El número se volvió símbolo. Las madres de los jóvenes asesinados lo bordaron en pancartas, lo pintaron en muros, lo convirtieron en la cifra más incómoda de la política colombiana. La reacción fue proporcional a esa incomodidad. Sectores del uribismo cuestionaron el dato desde su publicación, atacaron a las madres que lo enarbolaban y convirtieron su negación en un gesto de pertenencia política, en un país donde un mural que preguntaba quién dio la orden ya había sido borrado por gestión militar y litigado por generales. La hostilidad nunca se dirigió contra los perpetradores confesos, sino contra el número y contra quienes lo sostenían.

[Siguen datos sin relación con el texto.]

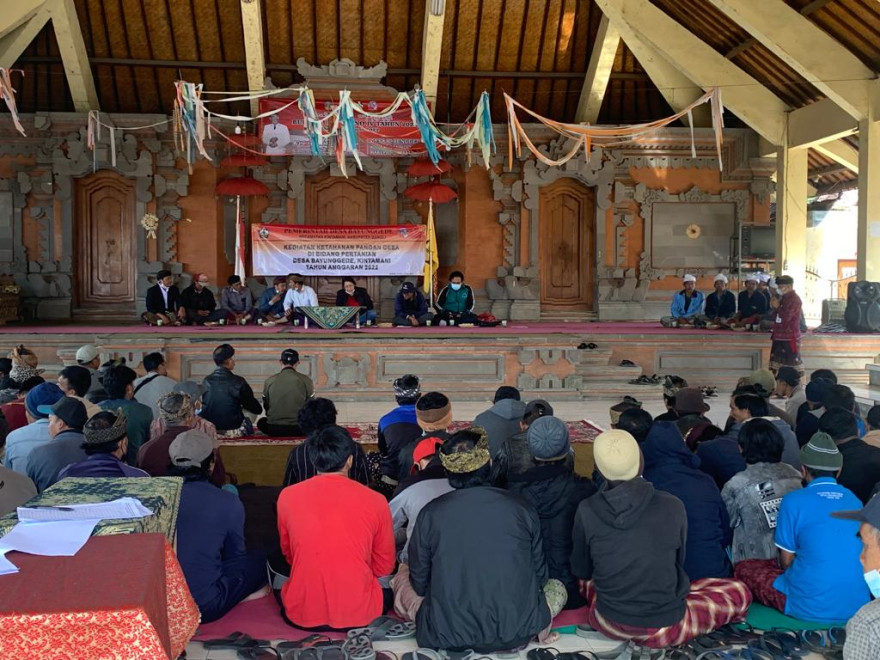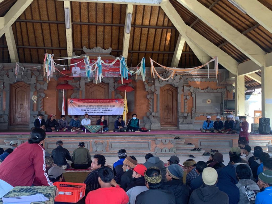 Pelakasnaan Kegiatan Ketahanan Pangan Desa di Bidang Pertanian di Desa Bayunggede dilaksanakan pada Hari/Tgl : Kamis, 11 Agustus 2022 bertempat di Wantilan Desa Bayunggede yang dihadiri oleh Perbekel, BPD, LPM, Kerta Desa dan Saba Desa Bayunggede, Babinsa, Babinkantibnas, PLD, Penyuluh Pertanian, serta Bapak/ibu Sang Ketut Sukarma S.P.MPd dan A.A.Gio Pradnya Dwi Permadi,STP ( Selaku Narasumber) dan pemberian Bibit Alpukat dan Bibit Jeruk kepada anggota Pelatihan

La historia reciente agravó la incomodidad. El 28 de abril de 2026, durante una audiencia celebrada en Apartadó por la masacre de La Resbalosa, en la que diez exmilitares respondieron por el asesinato de cuatro adultos y cuatro menores de edad cometido en febrero de 2005, la JEP anunció que el universo de víctimas ya no era el que el país había memorizado. Ocho cuerpos de 2005, una cifra nueva dos décadas después, el mismo expediente.
La JEP actualizó de 6.402 a 7.837 el número de víctimas de ejecuciones extrajudiciales documentadas en el Caso 03, después de que su Grupo de Análisis de la Información ampliara el periodo de estudio de 2002 a 2008 hacia el rango completo de 1990 a 2016 e incorporara registros de la Procuraduría y cerca de mil informes adicionales de víctimas.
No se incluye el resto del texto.